In summary, these lines demonstrate how to use the trained model to predict the next character in a sequence and convert the predicted character ID back to the corresponding character using the vocabulary of the text vectorization layer.

In [None]:
y_proba = shakespeare_model.predict(["To be or not to b"])[0, -1]
y_pred = tf.argmax(y_proba)  # choose the most probable character ID
text_vec_layer.get_vocabulary()[y_pred + 2]

In [None]:
log_probas = tf.math.log([[0.5, 0.4, 0.1]])  # probas = 50%, 40%, and 10%
tf.random.set_seed(42)
tf.random.categorical(log_probas, num_samples=8)  # draw 8 samples

The functions below facilitate text generation using the trained Shakespearean model:

1. **`next_char(text, temperature=1)`:**
   - Predicts the next character in the input `text` using the trained model.
   - `temperature` controls the diversity of predictions: higher values make predictions more diverse.
   - `y_proba` stores the probability distribution for the next character, and `rescaled_logits` adjusts the distribution based on the temperature.
   - The final character ID is randomly sampled, converted to the actual character using the text vectorization layer's vocabulary, and returned.

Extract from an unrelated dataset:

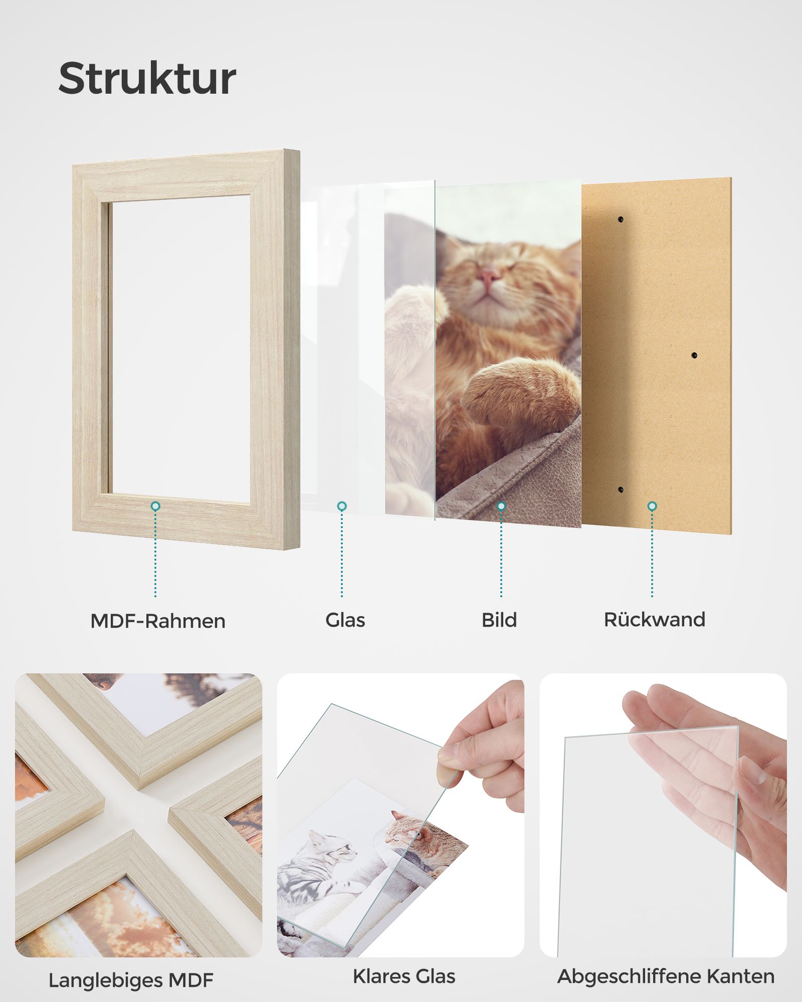 - Medžiaga: MDF (Medium Density Fiberboard) rėmas, stiklo plokštė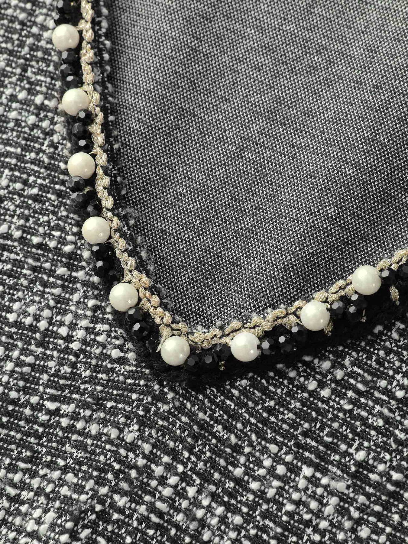 Tweed Pearl Collar Semi-Sheer Midi Dress

2. **`extend_text(text, n_chars=50, temperature=1)`:**
   - Extends the input `text` by iteratively predicting and appending the next character.
   - Calls the `next_char` function for each iteration, allowing for the generation of a sequence of characters.
   - `n_chars` determines the length of the generated text.

3. **Reproducibility Setup:**
   - `tf.random.set_seed(42)`: Sets the random seed to 42 for reproducibility.

4. **Text Generation Examples:**
   - Generates extended text based on different temperature settings, influencing the diversity of the generated text. Lower temperatures produce more focused output, while higher temperatures result in more diverse and random text.

In [None]:
def next_char(text, temperature=1):
    y_proba = shakespeare_model.predict([text])[0, -1:]
    rescaled_logits = tf.math.log(y_proba) / temperature
    char_id = tf.random.categorical(rescaled_logits, num_samples=1)[0, 0]
    return text_vec_layer.get_vocabulary()[char_id + 2]

def extend_text(text, n_chars=50, temperature=1):
    for _ in range(n_chars):
        text += next_char(text, temperature)
    return text
tf.random.set_seed(42)  # extra code – ensures reproducibility on CPU


In [None]:
print(extend_text("To be or not to be", temperature=0.01))

In [None]:
print(extend_text("To be or not to be", temperature=1))

In [None]:
print(extend_text("To be or not to be", temperature=100))